#### [What the task asks]
Your copy should start at the line with "插入应力、应变、变形图等。点" and end at the line with "(14分)盐酸利多卡因(F)" in the data below. Transcribe only those lines, exactly, pictures excluded.

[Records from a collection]
-- -- --

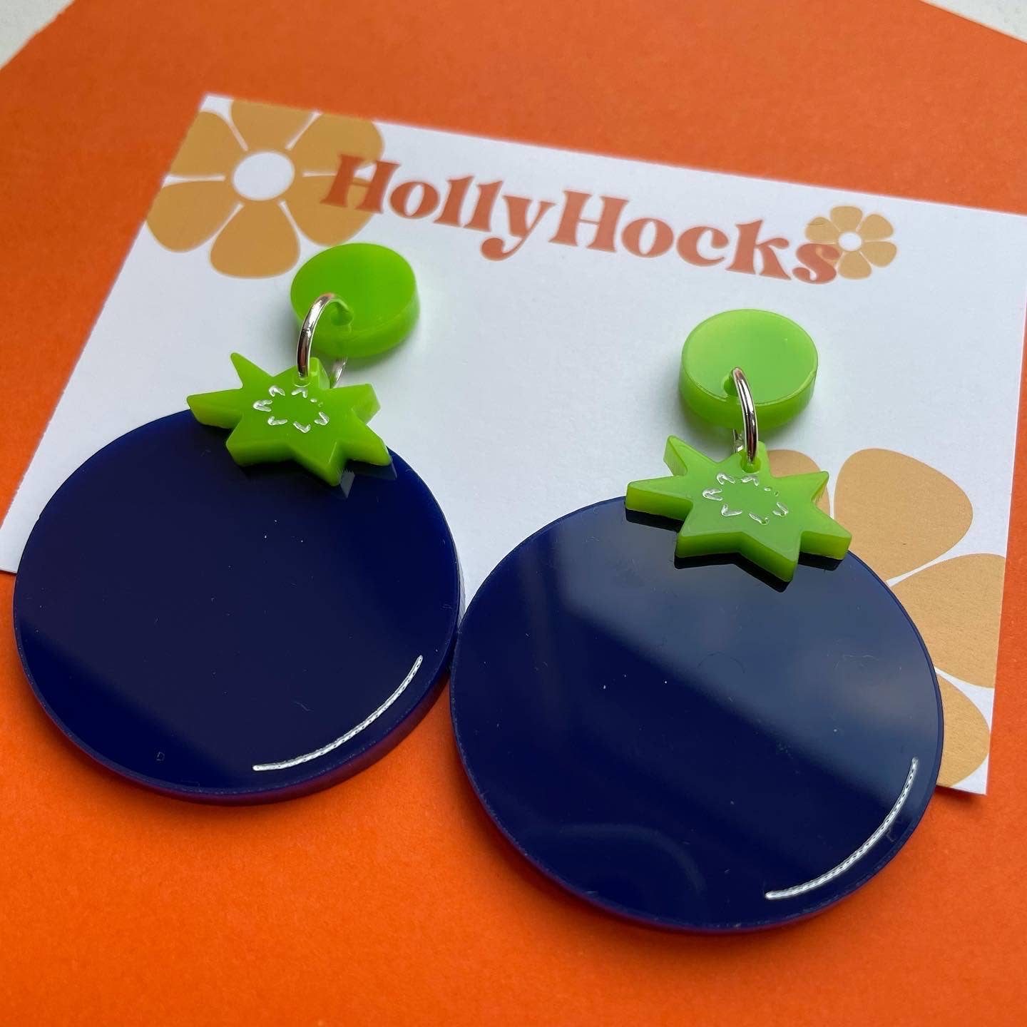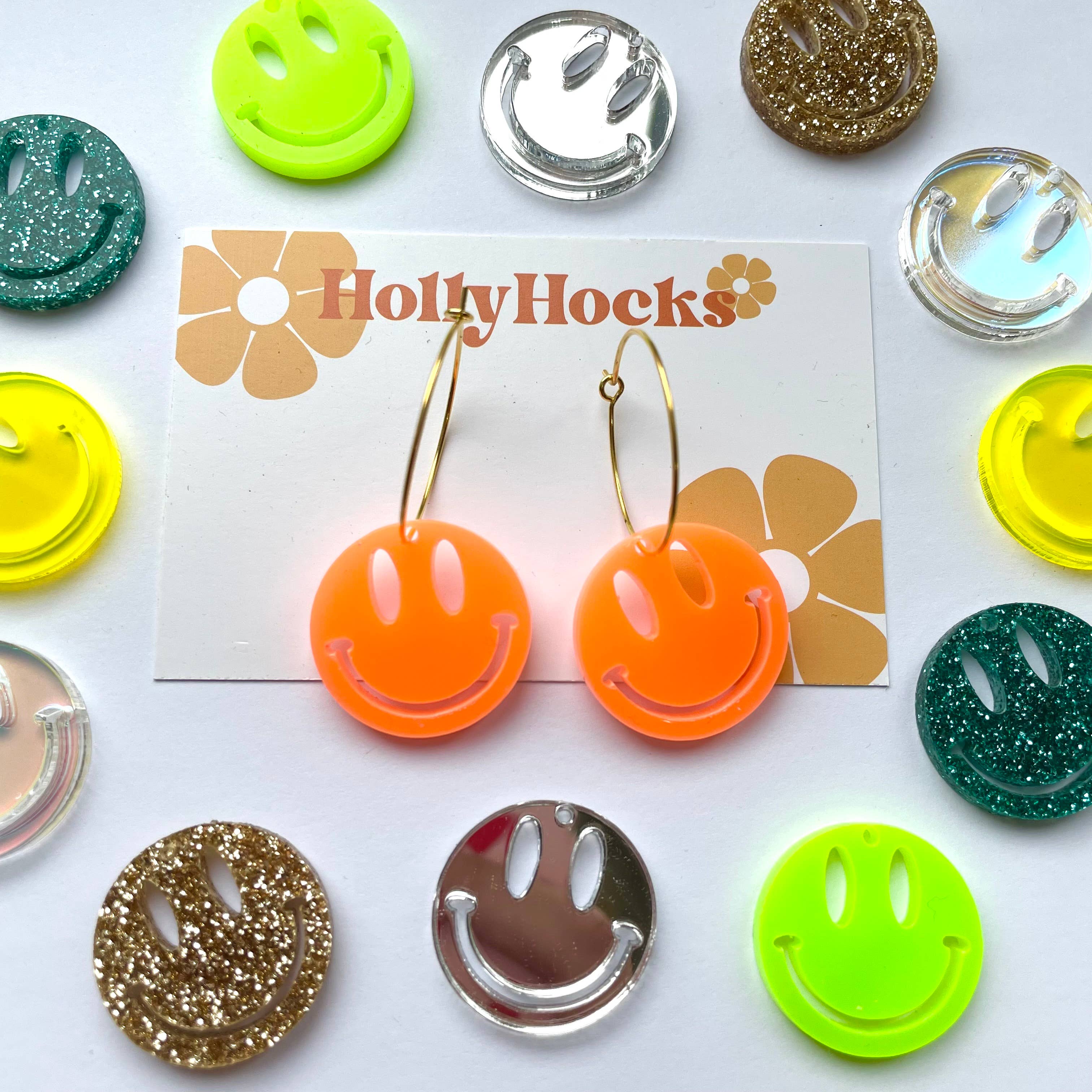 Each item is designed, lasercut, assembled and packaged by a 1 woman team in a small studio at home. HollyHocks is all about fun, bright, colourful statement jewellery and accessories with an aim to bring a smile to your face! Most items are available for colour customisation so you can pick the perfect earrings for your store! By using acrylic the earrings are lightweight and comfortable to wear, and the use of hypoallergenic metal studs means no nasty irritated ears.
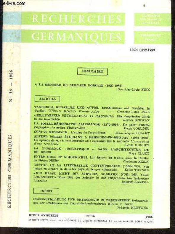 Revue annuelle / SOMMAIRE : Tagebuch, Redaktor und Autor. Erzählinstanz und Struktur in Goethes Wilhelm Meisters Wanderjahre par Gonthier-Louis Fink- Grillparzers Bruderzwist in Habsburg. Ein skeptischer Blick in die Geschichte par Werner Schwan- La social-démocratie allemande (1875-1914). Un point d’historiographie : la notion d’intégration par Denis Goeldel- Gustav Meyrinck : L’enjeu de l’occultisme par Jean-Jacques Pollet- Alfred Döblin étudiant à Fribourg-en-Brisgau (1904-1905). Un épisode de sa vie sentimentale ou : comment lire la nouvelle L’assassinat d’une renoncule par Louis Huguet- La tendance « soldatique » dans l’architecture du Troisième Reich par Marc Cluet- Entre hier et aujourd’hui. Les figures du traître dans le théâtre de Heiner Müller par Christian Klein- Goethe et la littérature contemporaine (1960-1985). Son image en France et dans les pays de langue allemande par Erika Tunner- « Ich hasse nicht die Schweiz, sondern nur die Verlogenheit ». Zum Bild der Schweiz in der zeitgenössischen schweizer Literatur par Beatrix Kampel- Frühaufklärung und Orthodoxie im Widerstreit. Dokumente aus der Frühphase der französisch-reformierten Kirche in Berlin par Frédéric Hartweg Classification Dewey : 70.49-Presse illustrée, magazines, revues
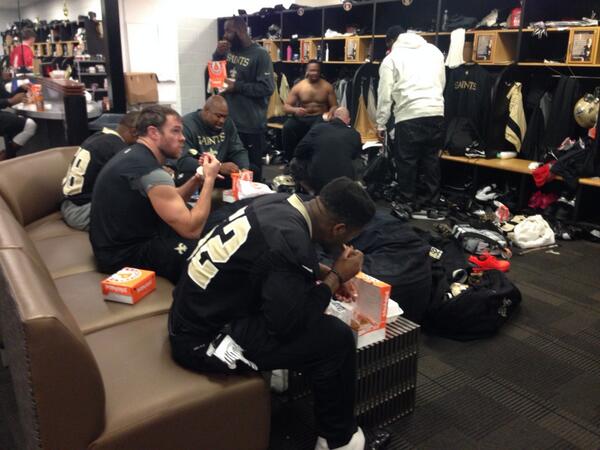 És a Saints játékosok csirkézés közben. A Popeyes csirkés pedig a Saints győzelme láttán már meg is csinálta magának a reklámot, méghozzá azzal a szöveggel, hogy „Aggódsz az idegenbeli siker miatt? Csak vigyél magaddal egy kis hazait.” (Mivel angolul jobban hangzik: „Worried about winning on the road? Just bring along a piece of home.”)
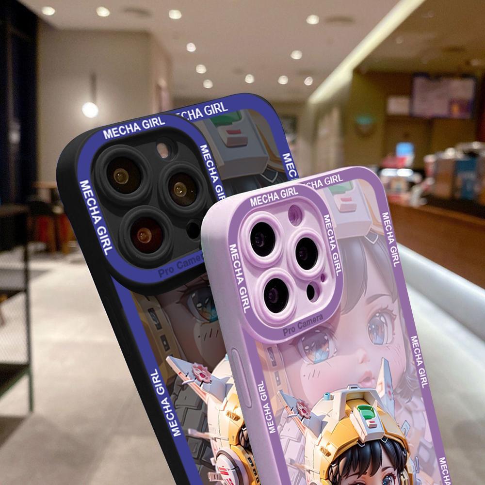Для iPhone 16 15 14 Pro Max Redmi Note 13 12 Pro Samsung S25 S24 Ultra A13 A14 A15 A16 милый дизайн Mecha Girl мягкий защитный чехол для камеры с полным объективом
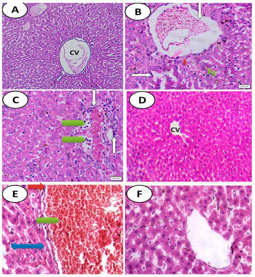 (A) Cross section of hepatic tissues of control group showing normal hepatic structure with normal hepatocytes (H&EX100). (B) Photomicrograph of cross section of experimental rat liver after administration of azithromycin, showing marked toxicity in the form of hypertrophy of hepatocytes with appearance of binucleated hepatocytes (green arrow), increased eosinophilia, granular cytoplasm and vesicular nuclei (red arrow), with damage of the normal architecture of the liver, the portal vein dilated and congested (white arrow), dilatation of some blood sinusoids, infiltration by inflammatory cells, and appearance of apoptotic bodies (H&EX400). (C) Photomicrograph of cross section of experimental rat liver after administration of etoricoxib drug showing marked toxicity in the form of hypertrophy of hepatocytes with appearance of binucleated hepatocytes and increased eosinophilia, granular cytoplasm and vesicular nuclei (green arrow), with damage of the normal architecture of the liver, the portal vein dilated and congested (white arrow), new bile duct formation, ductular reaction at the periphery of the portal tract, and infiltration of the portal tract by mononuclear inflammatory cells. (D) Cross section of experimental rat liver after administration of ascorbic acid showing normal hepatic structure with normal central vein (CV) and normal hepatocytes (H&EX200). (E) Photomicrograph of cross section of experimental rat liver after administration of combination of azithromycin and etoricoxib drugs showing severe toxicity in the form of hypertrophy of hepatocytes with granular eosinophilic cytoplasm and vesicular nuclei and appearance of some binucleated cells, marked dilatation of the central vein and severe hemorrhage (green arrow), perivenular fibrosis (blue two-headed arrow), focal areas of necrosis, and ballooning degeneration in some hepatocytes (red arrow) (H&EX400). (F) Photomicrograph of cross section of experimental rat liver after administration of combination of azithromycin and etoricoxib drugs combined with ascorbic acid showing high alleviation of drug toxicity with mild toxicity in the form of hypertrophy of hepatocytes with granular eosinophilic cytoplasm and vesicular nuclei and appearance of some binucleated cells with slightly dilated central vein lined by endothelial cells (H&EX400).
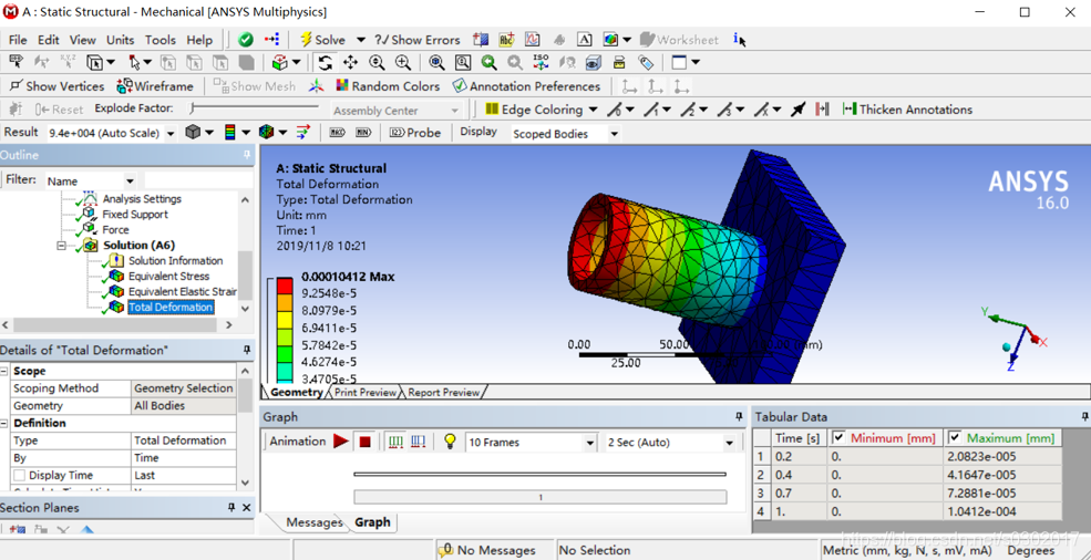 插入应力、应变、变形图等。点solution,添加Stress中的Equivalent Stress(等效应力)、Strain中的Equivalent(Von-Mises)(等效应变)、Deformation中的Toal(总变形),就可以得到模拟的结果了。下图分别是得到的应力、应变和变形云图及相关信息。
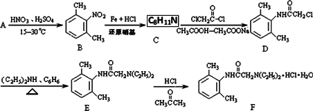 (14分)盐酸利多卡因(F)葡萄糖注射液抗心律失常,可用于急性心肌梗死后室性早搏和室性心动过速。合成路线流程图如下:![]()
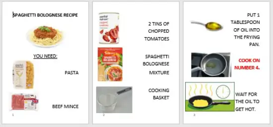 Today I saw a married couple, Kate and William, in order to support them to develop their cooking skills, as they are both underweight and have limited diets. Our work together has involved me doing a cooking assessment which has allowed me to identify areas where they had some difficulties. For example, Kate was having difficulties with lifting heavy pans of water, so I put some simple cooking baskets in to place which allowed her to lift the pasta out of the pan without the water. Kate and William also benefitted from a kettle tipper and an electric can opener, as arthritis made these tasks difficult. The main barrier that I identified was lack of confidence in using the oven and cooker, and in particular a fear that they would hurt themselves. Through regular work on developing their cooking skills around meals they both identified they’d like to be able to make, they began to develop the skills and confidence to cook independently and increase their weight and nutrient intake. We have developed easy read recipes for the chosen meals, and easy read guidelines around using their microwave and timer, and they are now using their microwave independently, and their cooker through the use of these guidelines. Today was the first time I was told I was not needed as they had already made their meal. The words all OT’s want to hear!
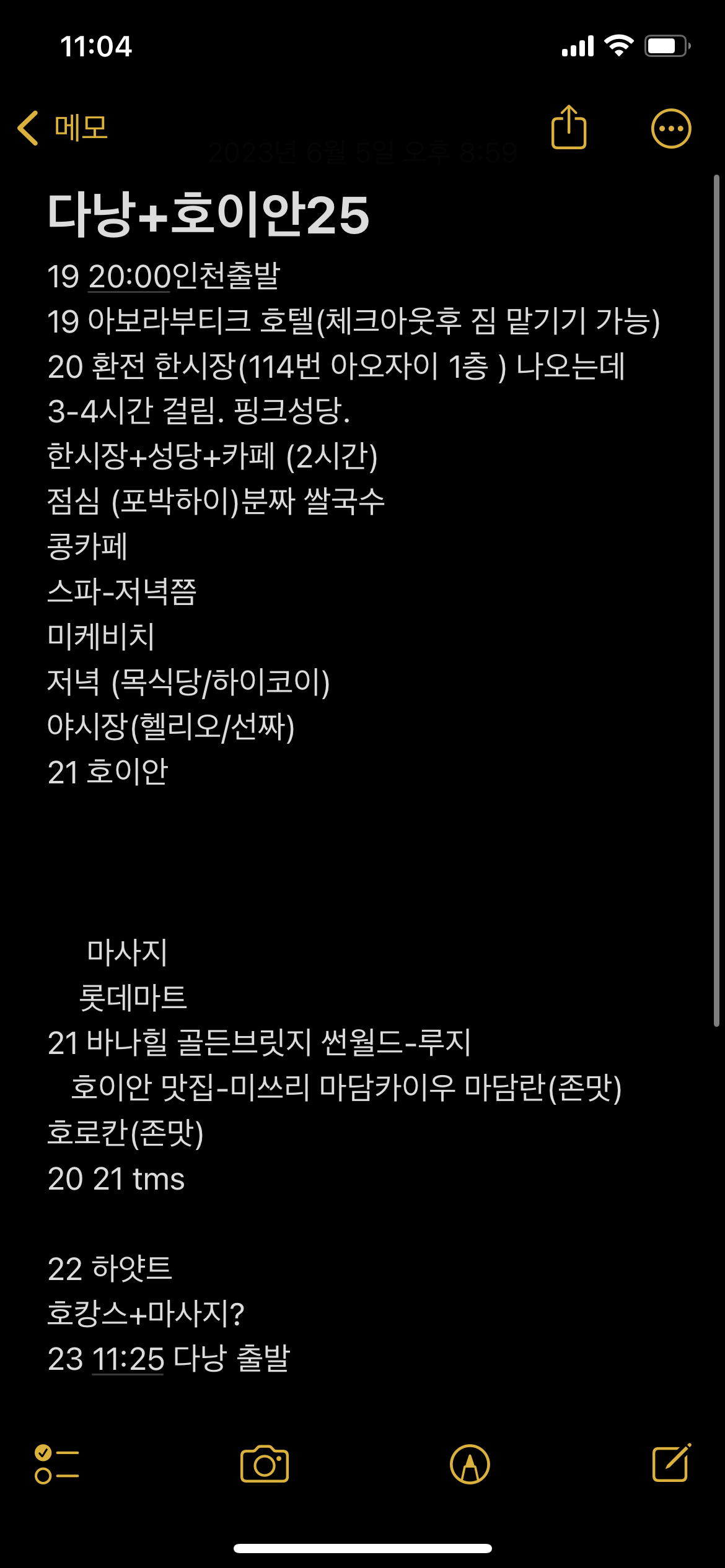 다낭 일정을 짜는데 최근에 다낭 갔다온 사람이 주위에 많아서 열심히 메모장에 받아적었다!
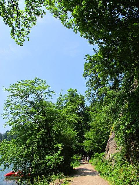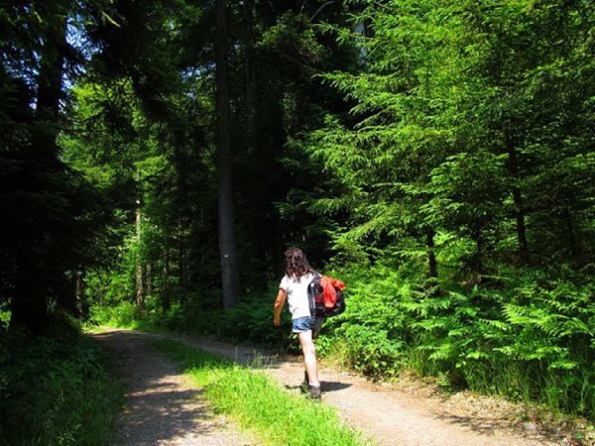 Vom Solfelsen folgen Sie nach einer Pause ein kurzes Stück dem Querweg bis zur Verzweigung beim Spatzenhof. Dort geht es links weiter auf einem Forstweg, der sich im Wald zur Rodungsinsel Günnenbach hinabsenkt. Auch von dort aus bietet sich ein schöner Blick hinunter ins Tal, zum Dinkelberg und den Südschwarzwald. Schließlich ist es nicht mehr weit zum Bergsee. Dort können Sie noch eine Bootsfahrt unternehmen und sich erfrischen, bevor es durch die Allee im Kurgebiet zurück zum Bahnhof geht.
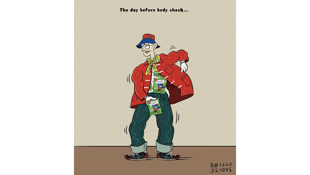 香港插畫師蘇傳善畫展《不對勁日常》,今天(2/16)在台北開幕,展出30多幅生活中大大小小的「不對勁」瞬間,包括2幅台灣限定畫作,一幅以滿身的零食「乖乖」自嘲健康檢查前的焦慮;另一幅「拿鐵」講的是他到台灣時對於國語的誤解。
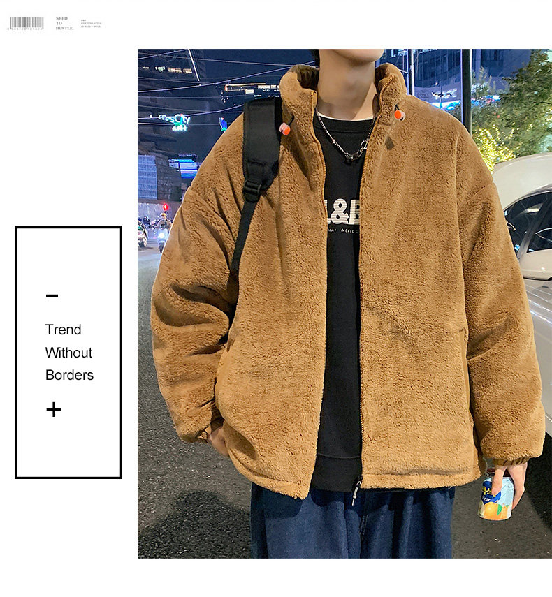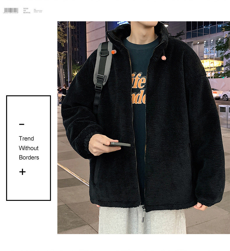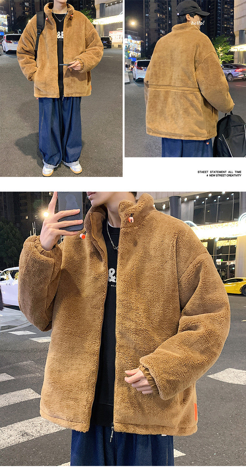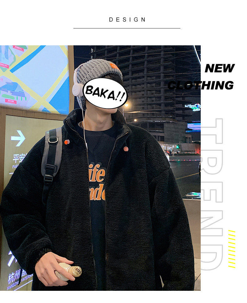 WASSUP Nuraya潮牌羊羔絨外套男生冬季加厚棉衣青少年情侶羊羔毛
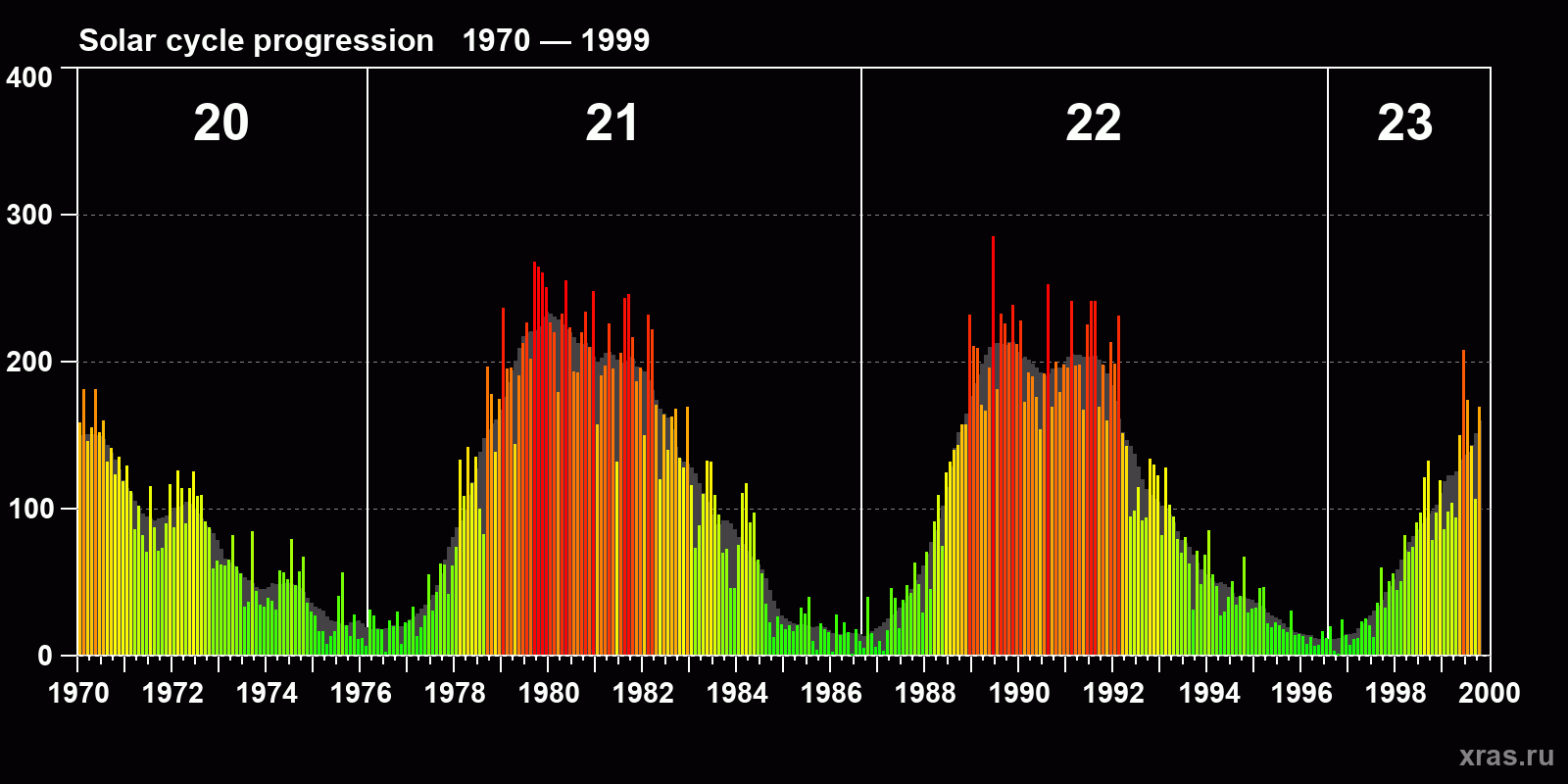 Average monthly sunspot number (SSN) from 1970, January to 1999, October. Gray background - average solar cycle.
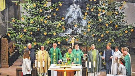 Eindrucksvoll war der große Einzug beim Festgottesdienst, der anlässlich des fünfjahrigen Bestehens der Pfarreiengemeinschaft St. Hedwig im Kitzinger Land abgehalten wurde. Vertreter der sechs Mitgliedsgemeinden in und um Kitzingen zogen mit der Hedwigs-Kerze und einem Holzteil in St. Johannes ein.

-- -- --

#### [Answer to this problem]
 插入应力、应变、变形图等。点solution,添加Stress中的Equivalent Stress(等效应力)、Strain中的Equivalent(Von-Mises)(等效应变)、Deformation中的Toal(总变形),就可以得到模拟的结果了。下图分别是得到的应力、应变和变形云图及相关信息。
 (14分)盐酸利多卡因(F)葡萄糖注射液抗心律失常,可用于急性心肌梗死后室性早搏和室性心动过速。合成路线流程图如下:![]()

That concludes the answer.